You have full access to this open access chapter, Download conference paper PDF
Similar content being viewed by others
1 Introduction
Alzheimer’s disease (AD) is a chronic neuro-degenerative disease. It is the 5th leading cause of death for those aged 65 or older [2] in the United States, and 5.5 million people have Alzheimer’s dementia by estimation. In 2017, total payments are estimated at \(\$259\) billions for all individuals with dementia.

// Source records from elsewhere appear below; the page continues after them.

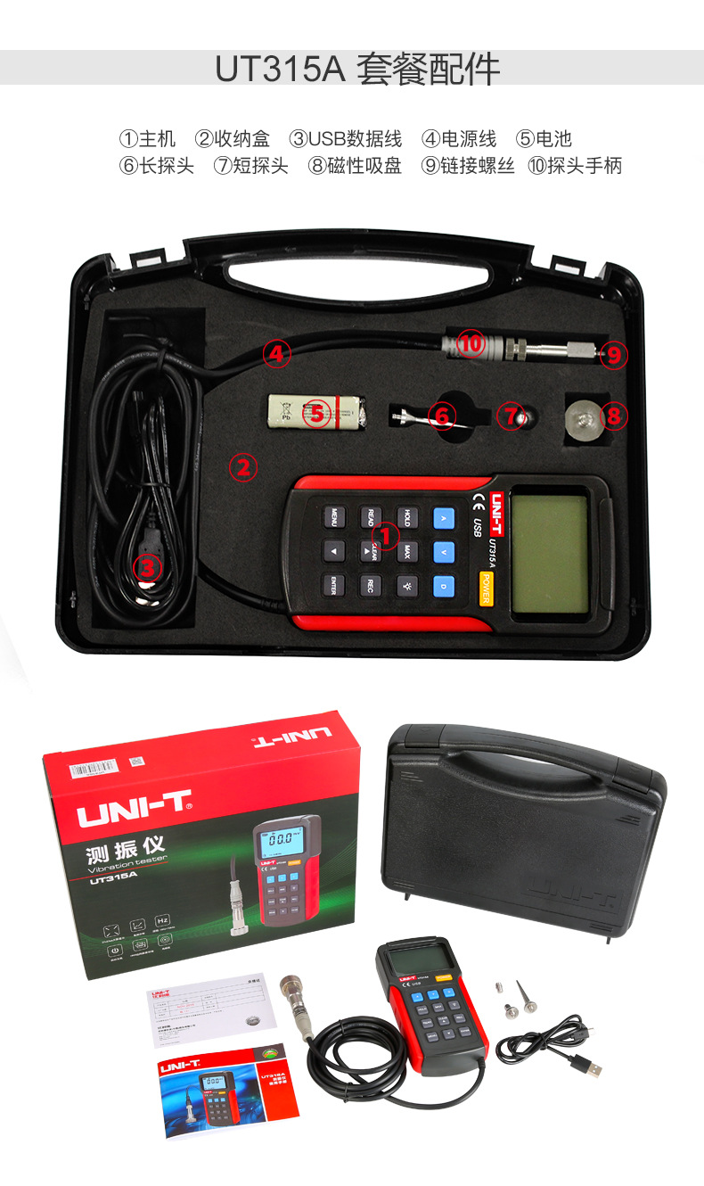 优利德UT315A手持式测振仪多探头 震动测量USB传输软件数字测振仪-阿里巴巴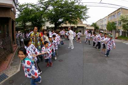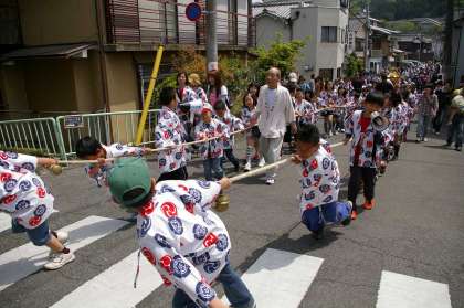 子どもみこしは修二の元気な掛け声が聞けました。幼稚園・保育園に行っている小さな子ども達もがんばって引っ張ってくれました。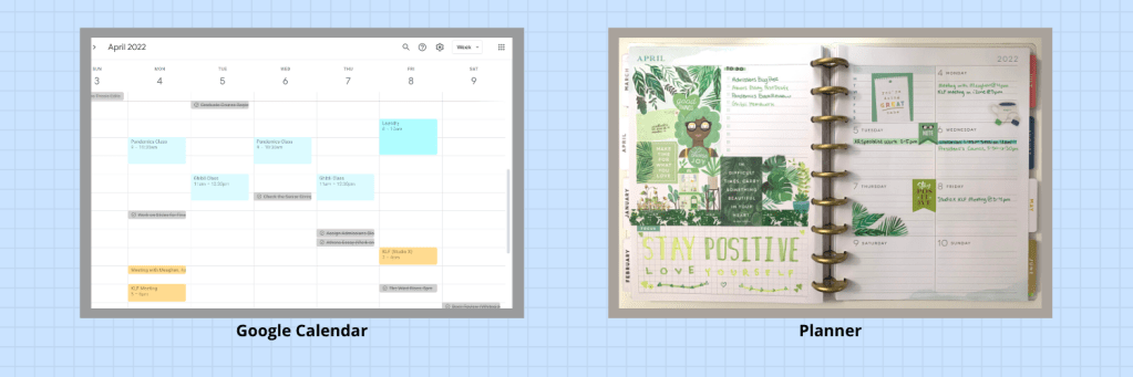 Finding an organization method that works with your thinking process is crucial to staying on top of things. Make sure it’s something you enjoy looking at, keeping track of, and keeping organized. I typically keep 2 types of organization: one digital via Google Calendar and one physical with a planner. Why do I keep 2 different systems? There are pros and cons to each.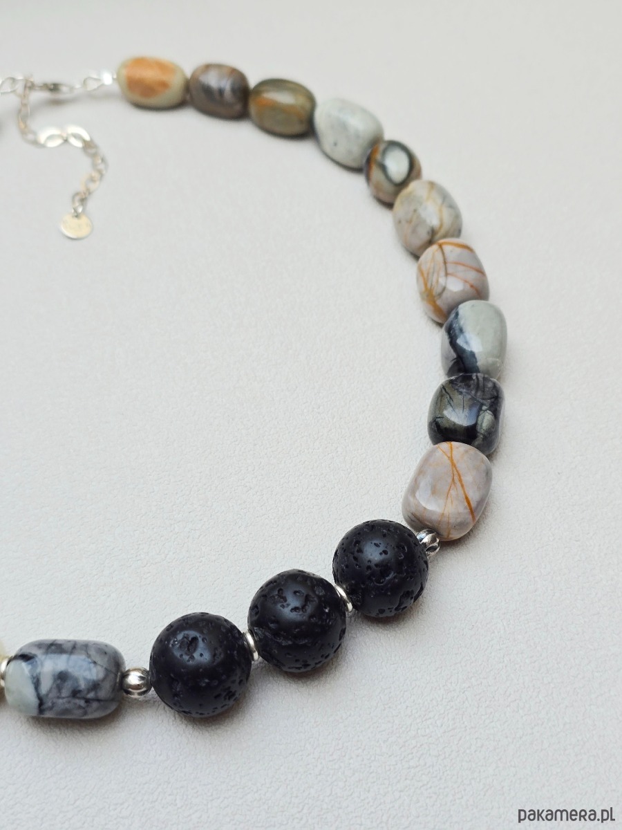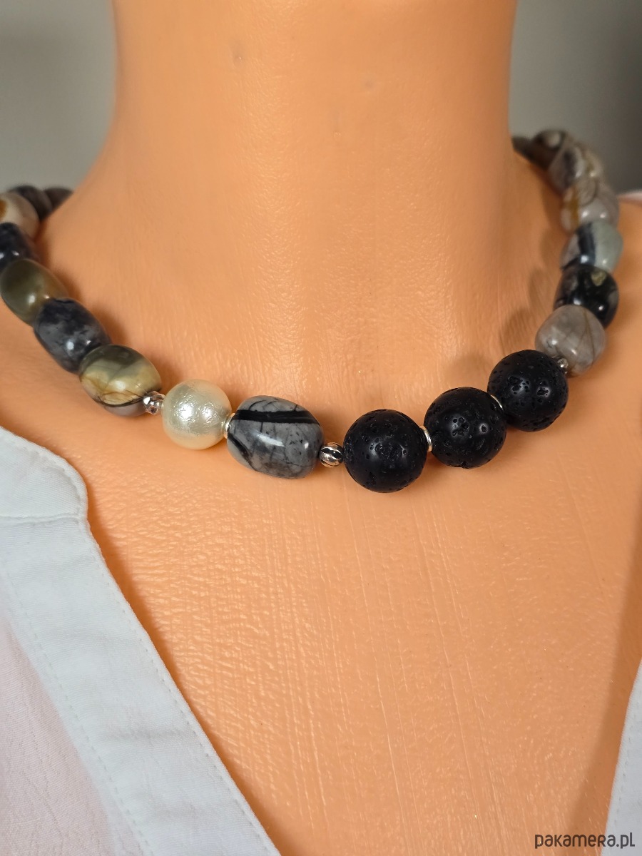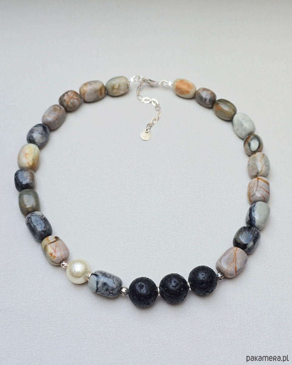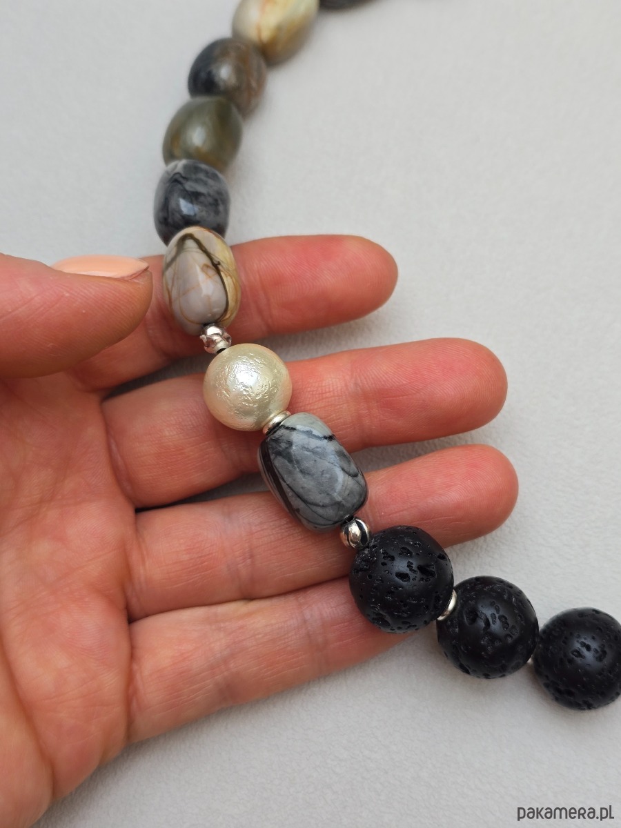 Unikatowe, duże korale z baryłek jaspisu Picasso i lawy wulkanicznej z dużą 14 mm perłą majorca.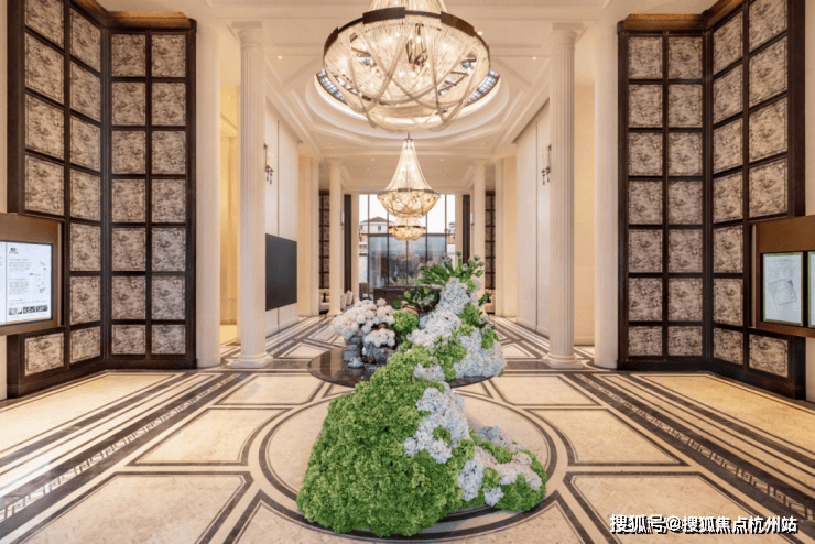 比如,预接待厅的 「威尼斯白+爵士白石材拼花」地面、 E9级进口水晶灯,以手工匠艺实景兑现: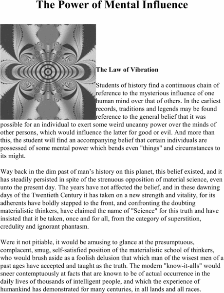 The Power of Mental Influence is course of lessons on mental vibrations, psychic influence, personal magnetism, fascination, psychic self protection.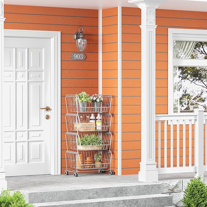 PUSDON 4-Tier Stackable Metal Storage Baskets, Anti-Rust Fruit Vegetable Rack, Dual Use Shelf for Kitchen, Home & Office, Silver Grey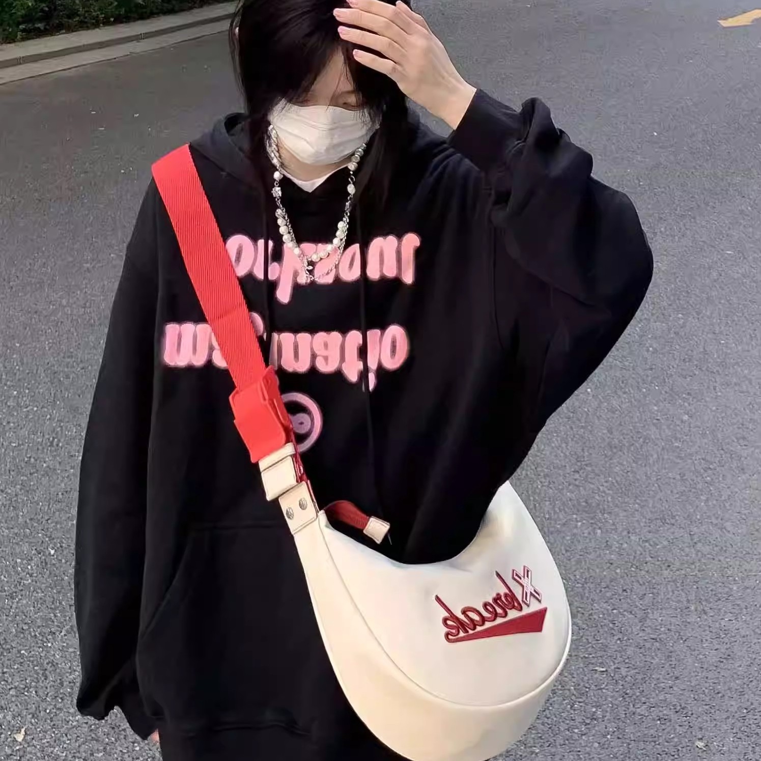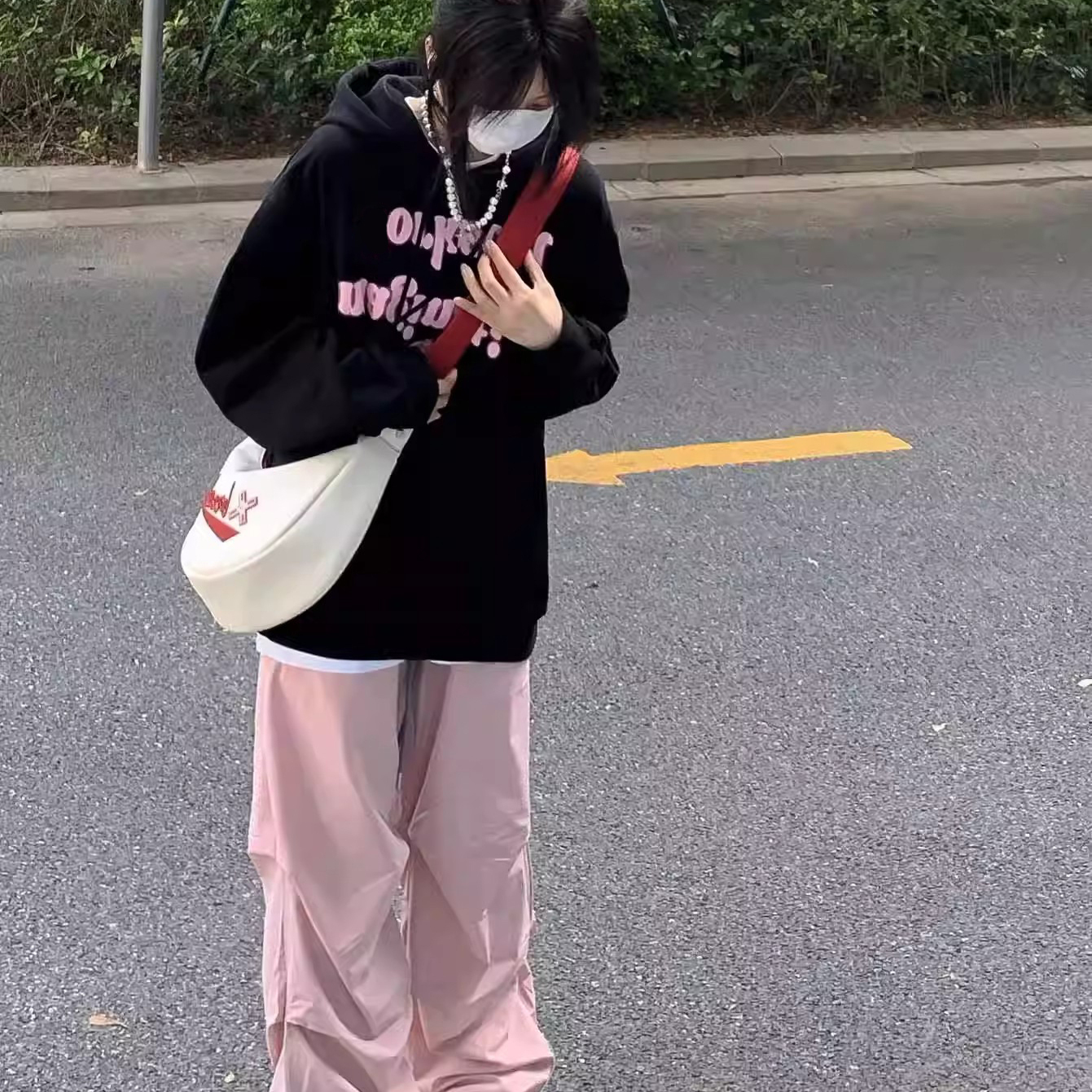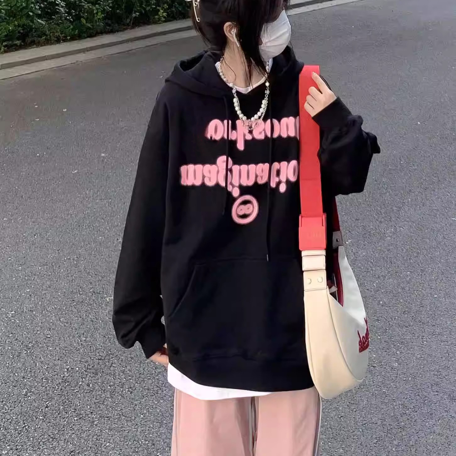 外套 早秋休闲中长款 幻影字母印花标语连帽卫衣女美式 街头情侣帽衫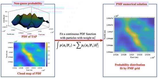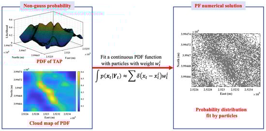 The FFI was one of the earliest research institutions to apply TAN technology to underwater navigation [,,,]. In the 1980s, FFI researchers introduced nonparametric filtering methods for state iteration estimation in TAN systems. The FFI also developed the TERLAB simulation platform specifically for the research on and application of underwater TAN technology []. Subsequently, an increasing number of researchers have studied underwater TAN technology based on PF methods. PFs approximate probability distributions with randomly distributed particles that convert an integral operation into a summation operation (Figure 8). Therefore, it can be very convenient to solve non-Gaussian problems and integral operations without analytic representations.

Based on neuroimaging and genetics techniques, computational methods [4, 14] have been shown as powerful tools for understanding and assistant diagnosis on AD. As a result, many SNPs identified as risk factors for AD are listed by the AlzGene database (www.alzgene.org). Among these, early efforts attempting on discovering the phenotype-genotype association mainly exploit linear regression models. Classical methods [1, 10] apply individual regression at all time points, ignoring potential progressive variations of brain phenotypes. Based on linear models, sparse learning [14, 21] is demonstrated to be highly effective. The Schatten p-norm is used to identify the interrelation structures existing in the low-rank subspace [16], with the idea further developed by capped trace norm [5]. Regularized modal regression model [15] is found to be robust to outliers, heavy-tailed noise, and skewed noise. Clustering analysis [6], particularly auto-learning based methods [17] to extract group structures can further help uncover the interrelations for multi-task regression.
However, the aforementioned methods are driven mainly by machine learning principles. Given the complex relation of significant SNP loci identification, an emerging interest is to integrate advanced models and biological priors simultaneously for the phenotype-genotype prediction task. In this paper, we propose a biological knowledge guided convolution neural network (CNN) benefiting from both principles of sparse learning and non-linearity, to address the genotype-phenotype prediction problem. SNPs are structural features equipped with biological priors, and in this paper, we group SNPs according to the Linkage Disequilibrium (LD) blocks, which refers to alleles that do not occur randomly with respect to each other in two or more loci. Based on LD blocks, we develop a group 1-D convolutional layer. Our design modifies naive convolutional layer by applying both group and global convolution, capable of handling structural features as well as utilizing the sparsity of SNP-LD patterns. The entire structure is composed of a cascade of the novel group 1-D convolutional layer, 2-D sliding convolutional layer, and multi-layer perceptron. The experiments verify the impression that sparse learning, group structure, and non-linearity indeed provide improvements, and the proposed method outperforms the related baselines. Also, some interesting LD blocks are identified as important biomarkers for predicting phenotypes.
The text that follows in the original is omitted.